When host A in private.com wants to resolve host B's address through DNS and if the DNS ALG does not support NAT, it takes a public address from the DNS server in external.com, such as 10.131.108.8. If Host A sends traffic to host B with public address 10.131.108.8, which is invalid to host B in the private domain. Hence, the public address in the DNS query A-record is translated to private address 172.19.2.1 through the DNS ALG.
The DNS ALG can translate the first 32 A-records in a single DNS reply. A-records after the first 32 records are not handled. Also note that the DNS ALG supports IPv4 and IPv6 addresses and does not support VPN tunnels.
Disabling DNS and DDNS Doctoring
The DNS ALG must be enabled on the devices to perform DNS and DDNS doctoring. With the DNS ALG enabled on the device, the DNS and DDNS doctoring feature is enabled by default. You can disable DNS and DDNS doctoring with the CLI.

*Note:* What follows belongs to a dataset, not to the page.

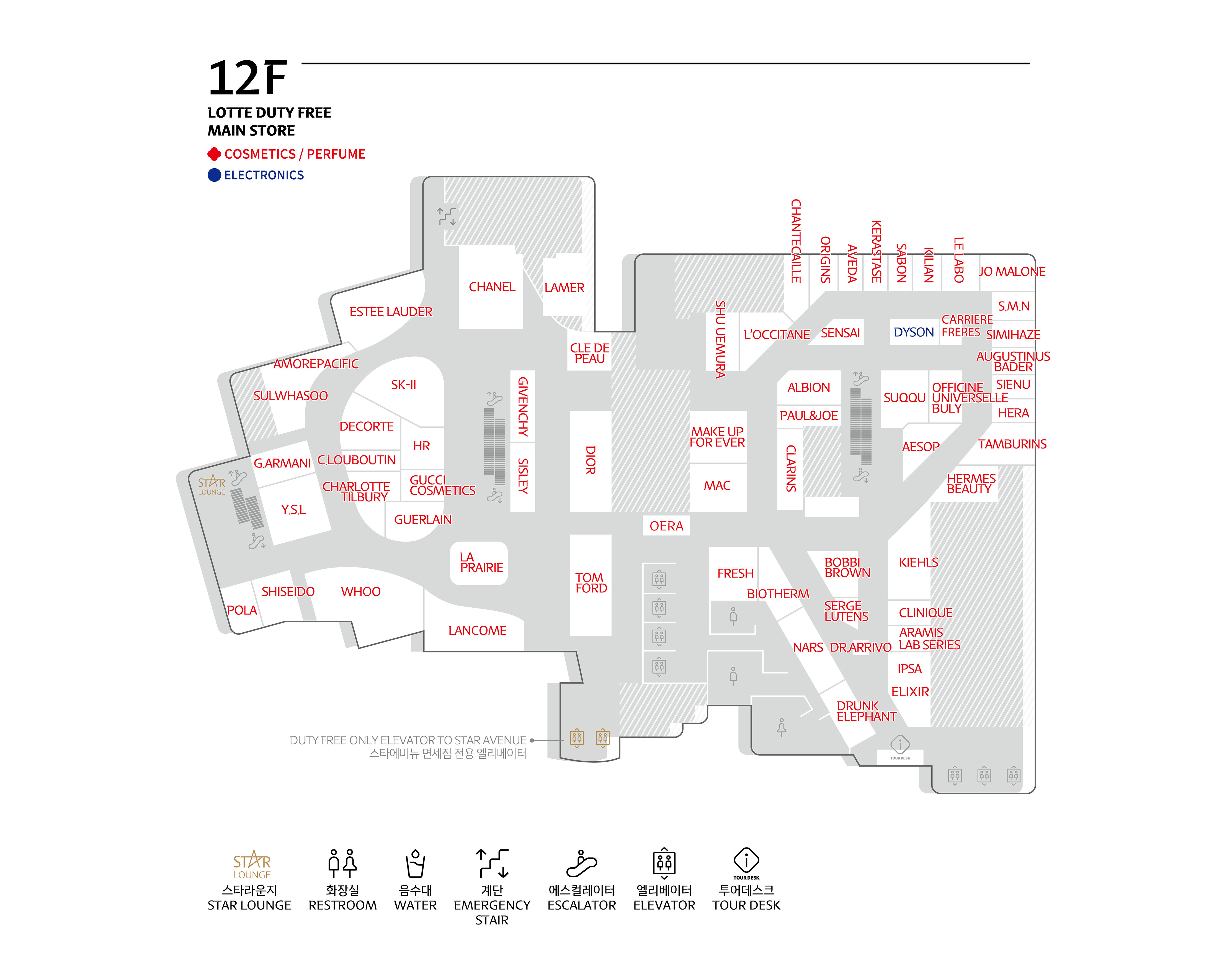 Косметика / Парфюмерия: Estee Lauder, Chanel, La Mer, Clé de Peau, Givenchy, Sisley, Dior, Tom Ford, La Prairie, Lancôme, Gucci Cosmetics, Guerlain, Charlotte Tilbury, Clé de Peau Beauté, Shiseido, Pola, Whoo (The History of Whoo), Sulwhasoo, AmorePacific, Decorté, SK-II, HR (Helena Rubinstein), YSL (Yves Saint Laurent), Armani, Shu Uemura, Chantecaille, Aveda, Origins, Kérastase, Sabon, Albion, Paul & Joe, Clarins, MAC, Make Up For Ever, Fresh, Biotherm, Serge Lutens, Nars, Dr. Arrow, Bobbi Brown, Kiehl's, Clinique, Aramis, Lab Series, IPSA, Elixir, Drunk Elephant, Jo Malone, Le Labo, S.M.N, Carrière Frères, Simihaze, Augustinus Bader, Tamburins, Hera, Aesop, Hermes Beauty, Officine Universelle Buly, Suqqu, Senteurs d'Orient, Diptyque
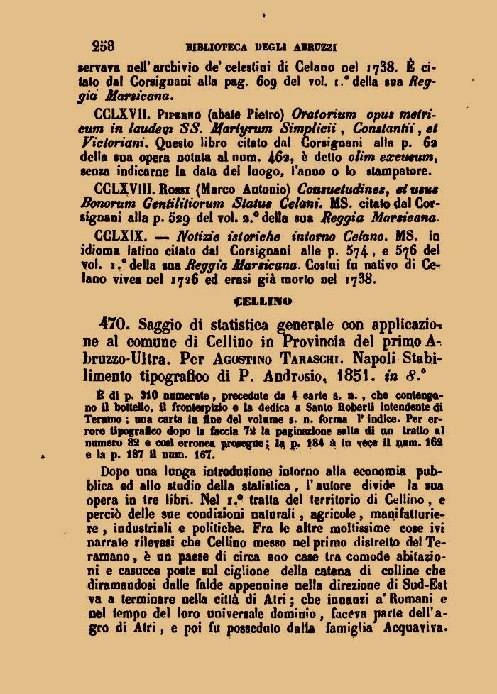 470. Saggio di statistica generale con applicazio-c ne al comune di Cellino in Provincia del primo A-bruzzo-Ultra. Per Agostino Taraschi. Napoli Stabilimento tipografico di P. Androsio, 1851. in <9.°

To disable DNS and DDNS doctoring:
-
Disable all the doctoring features by specifying the
noneconfiguration option.This command disables all the doctoring features.
user@host#
set security alg dns doctoring none -
Disable the NAT feature and retain the sanity-check feature by specifying the
sanity-checkconfiguration option.This option disables the NAT feature and retains the sanity-check feature.
user@host#
set security alg dns doctoring sanity-check -
If you are finished configuring the device, commit the configuration.
-
To verify the configuration, use the vty command show usp algs dns stats.